* Requirement: Could the listing be repeated exactly, with every picture dropped?

* Excerpted data:
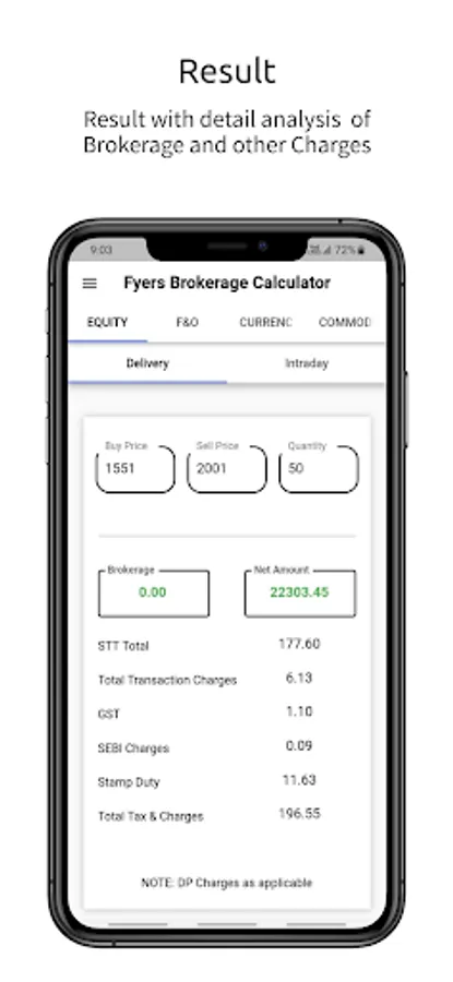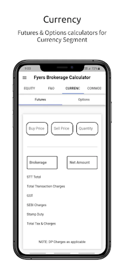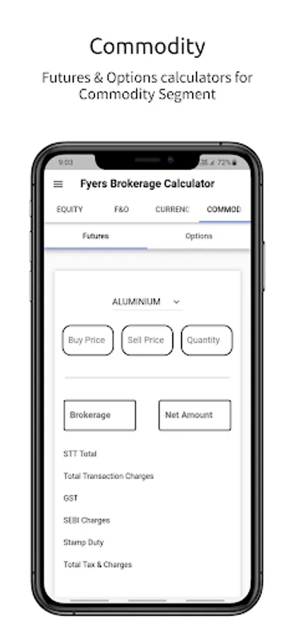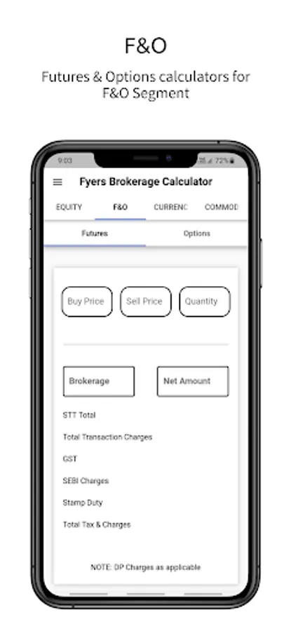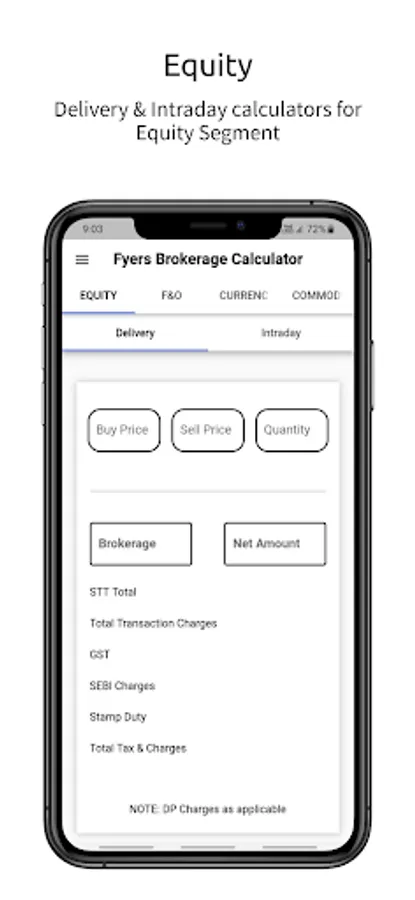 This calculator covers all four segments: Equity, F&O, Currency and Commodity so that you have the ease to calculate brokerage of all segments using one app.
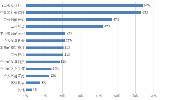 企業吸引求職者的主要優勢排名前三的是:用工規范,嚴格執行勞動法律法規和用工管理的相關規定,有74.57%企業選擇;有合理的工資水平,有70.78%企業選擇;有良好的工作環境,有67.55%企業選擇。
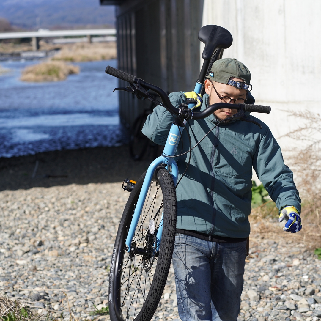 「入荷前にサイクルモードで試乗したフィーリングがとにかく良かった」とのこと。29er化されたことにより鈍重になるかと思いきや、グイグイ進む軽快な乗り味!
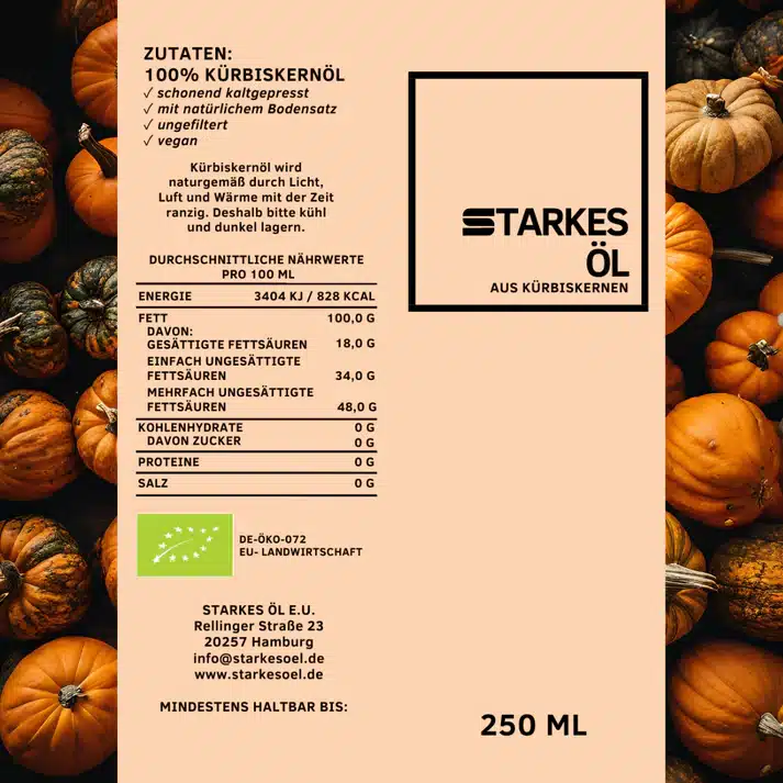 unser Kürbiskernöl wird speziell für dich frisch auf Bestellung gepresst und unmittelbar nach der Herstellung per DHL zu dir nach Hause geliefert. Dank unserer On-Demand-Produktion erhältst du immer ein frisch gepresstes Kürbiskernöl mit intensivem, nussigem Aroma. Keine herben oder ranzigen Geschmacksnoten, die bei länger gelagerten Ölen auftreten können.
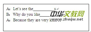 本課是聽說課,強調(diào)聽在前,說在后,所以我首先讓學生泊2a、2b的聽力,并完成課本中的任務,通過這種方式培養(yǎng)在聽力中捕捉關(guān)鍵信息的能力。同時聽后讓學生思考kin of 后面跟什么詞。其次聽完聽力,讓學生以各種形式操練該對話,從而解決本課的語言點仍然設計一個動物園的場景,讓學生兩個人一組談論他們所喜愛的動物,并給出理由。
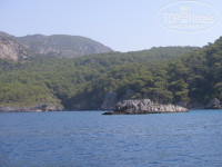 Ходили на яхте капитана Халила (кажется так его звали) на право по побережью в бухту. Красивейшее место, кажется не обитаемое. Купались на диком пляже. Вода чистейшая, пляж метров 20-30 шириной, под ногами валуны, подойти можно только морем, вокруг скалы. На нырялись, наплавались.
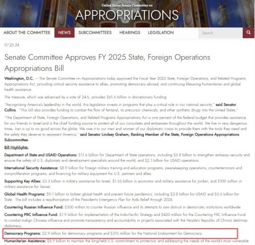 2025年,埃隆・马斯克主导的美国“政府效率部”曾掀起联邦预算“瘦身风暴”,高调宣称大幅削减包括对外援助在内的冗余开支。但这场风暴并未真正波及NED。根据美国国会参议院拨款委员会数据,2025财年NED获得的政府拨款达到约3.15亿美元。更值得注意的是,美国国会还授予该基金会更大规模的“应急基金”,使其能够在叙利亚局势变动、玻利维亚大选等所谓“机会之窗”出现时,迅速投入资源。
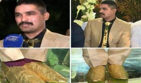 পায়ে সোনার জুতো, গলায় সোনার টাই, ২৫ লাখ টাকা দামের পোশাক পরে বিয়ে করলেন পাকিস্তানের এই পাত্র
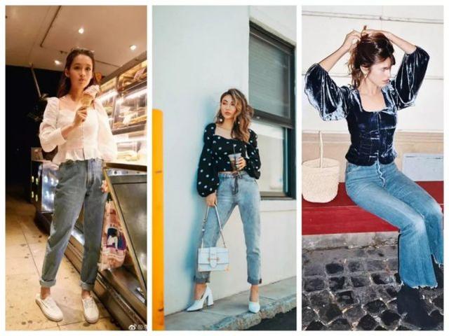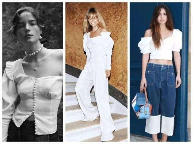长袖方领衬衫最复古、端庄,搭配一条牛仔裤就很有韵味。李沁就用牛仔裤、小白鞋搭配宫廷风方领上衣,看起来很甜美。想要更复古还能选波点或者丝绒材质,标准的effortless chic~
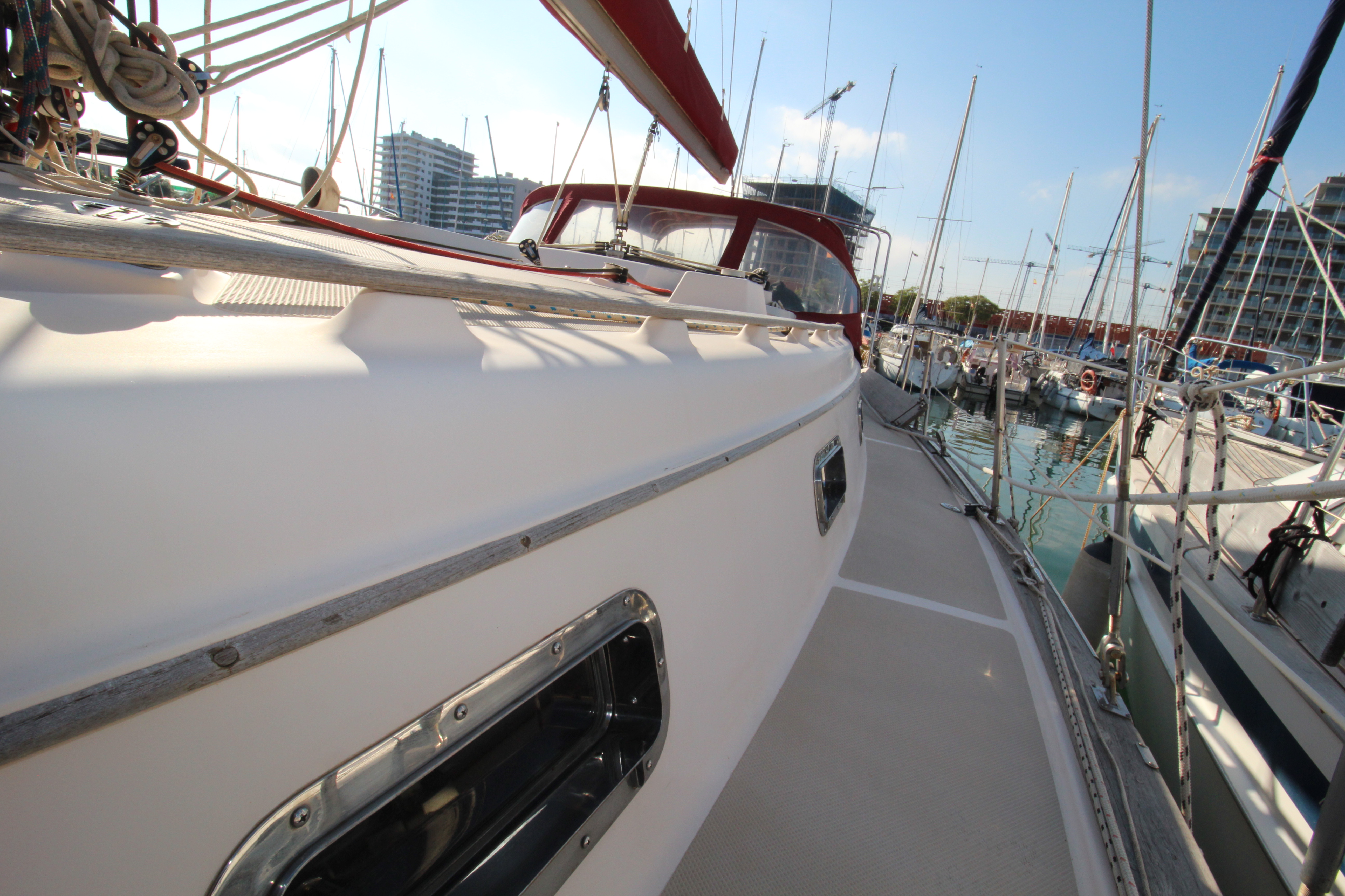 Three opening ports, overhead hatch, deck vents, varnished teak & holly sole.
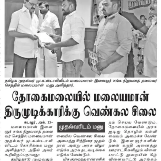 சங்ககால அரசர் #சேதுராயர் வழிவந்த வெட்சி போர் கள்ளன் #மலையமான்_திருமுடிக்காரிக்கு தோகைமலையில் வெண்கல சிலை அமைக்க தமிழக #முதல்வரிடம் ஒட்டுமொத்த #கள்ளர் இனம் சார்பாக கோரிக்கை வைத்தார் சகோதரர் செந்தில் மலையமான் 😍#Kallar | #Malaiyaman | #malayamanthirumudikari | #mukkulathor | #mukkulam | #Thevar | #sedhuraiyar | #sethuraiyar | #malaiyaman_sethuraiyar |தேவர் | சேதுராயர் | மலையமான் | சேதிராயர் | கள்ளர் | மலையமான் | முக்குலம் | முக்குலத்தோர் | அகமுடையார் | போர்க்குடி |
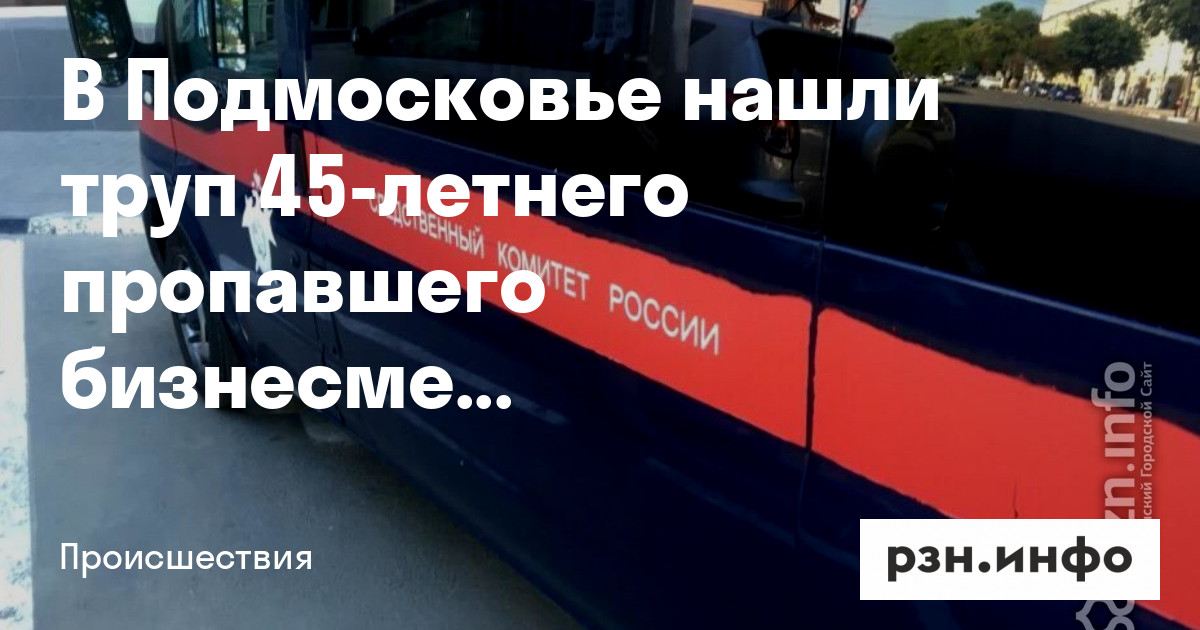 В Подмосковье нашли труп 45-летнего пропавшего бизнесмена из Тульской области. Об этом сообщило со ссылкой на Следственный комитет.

* Solution to this problem:
 This calculator covers all four segments: Equity, F&O, Currency and Commodity so that you have the ease to calculate brokerage of all segments using one app.
 企業吸引求職者的主要優勢排名前三的是:用工規范,嚴格執行勞動法律法規和用工管理的相關規定,有74.57%企業選擇;有合理的工資水平,有70.78%企業選擇;有良好的工作環境,有67.55%企業選擇。
 「入荷前にサイクルモードで試乗したフィーリングがとにかく良かった」とのこと。29er化されたことにより鈍重になるかと思いきや、グイグイ進む軽快な乗り味!
 unser Kürbiskernöl wird speziell für dich frisch auf Bestellung gepresst und unmittelbar nach der Herstellung per DHL zu dir nach Hause geliefert. Dank unserer On-Demand-Produktion erhältst du immer ein frisch gepresstes Kürbiskernöl mit intensivem, nussigem Aroma. Keine herben oder ranzigen Geschmacksnoten, die bei länger gelagerten Ölen auftreten können.
 本課是聽說課,強調(diào)聽在前,說在后,所以我首先讓學生泊2a、2b的聽力,并完成課本中的任務,通過這種方式培養(yǎng)在聽力中捕捉關(guān)鍵信息的能力。同時聽后讓學生思考kin of 后面跟什么詞。其次聽完聽力,讓學生以各種形式操練該對話,從而解決本課的語言點仍然設計一個動物園的場景,讓學生兩個人一組談論他們所喜愛的動物,并給出理由。
 Ходили на яхте капитана Халила (кажется так его звали) на право по побережью в бухту. Красивейшее место, кажется не обитаемое. Купались на диком пляже. Вода чистейшая, пляж метров 20-30 шириной, под ногами валуны, подойти можно только морем, вокруг скалы. На нырялись, наплавались.
 2025年,埃隆・马斯克主导的美国“政府效率部”曾掀起联邦预算“瘦身风暴”,高调宣称大幅削减包括对外援助在内的冗余开支。但这场风暴并未真正波及NED。根据美国国会参议院拨款委员会数据,2025财年NED获得的政府拨款达到约3.15亿美元。更值得注意的是,美国国会还授予该基金会更大规模的“应急基金”,使其能够在叙利亚局势变动、玻利维亚大选等所谓“机会之窗”出现时,迅速投入资源。
 পায়ে সোনার জুতো, গলায় সোনার টাই, ২৫ লাখ টাকা দামের পোশাক পরে বিয়ে করলেন পাকিস্তানের এই পাত্র
长袖方领衬衫最复古、端庄,搭配一条牛仔裤就很有韵味。李沁就用牛仔裤、小白鞋搭配宫廷风方领上衣,看起来很甜美。想要更复古还能选波点或者丝绒材质,标准的effortless chic~
 Three opening ports, overhead hatch, deck vents, varnished teak & holly sole.
 சங்ககால அரசர் #சேதுராயர் வழிவந்த வெட்சி போர் கள்ளன் #மலையமான்_திருமுடிக்காரிக்கு தோகைமலையில் வெண்கல சிலை அமைக்க தமிழக #முதல்வரிடம் ஒட்டுமொத்த #கள்ளர் இனம் சார்பாக கோரிக்கை வைத்தார் சகோதரர் செந்தில் மலையமான் 😍#Kallar | #Malaiyaman | #malayamanthirumudikari | #mukkulathor | #mukkulam | #Thevar | #sedhuraiyar | #sethuraiyar | #malaiyaman_sethuraiyar |தேவர் | சேதுராயர் | மலையமான் | சேதிராயர் | கள்ளர் | மலையமான் | முக்குலம் | முக்குலத்தோர் | அகமுடையார் | போர்க்குடி |
 В Подмосковье нашли труп 45-летнего пропавшего бизнесмена из Тульской области. Об этом сообщило со ссылкой на Следственный комитет.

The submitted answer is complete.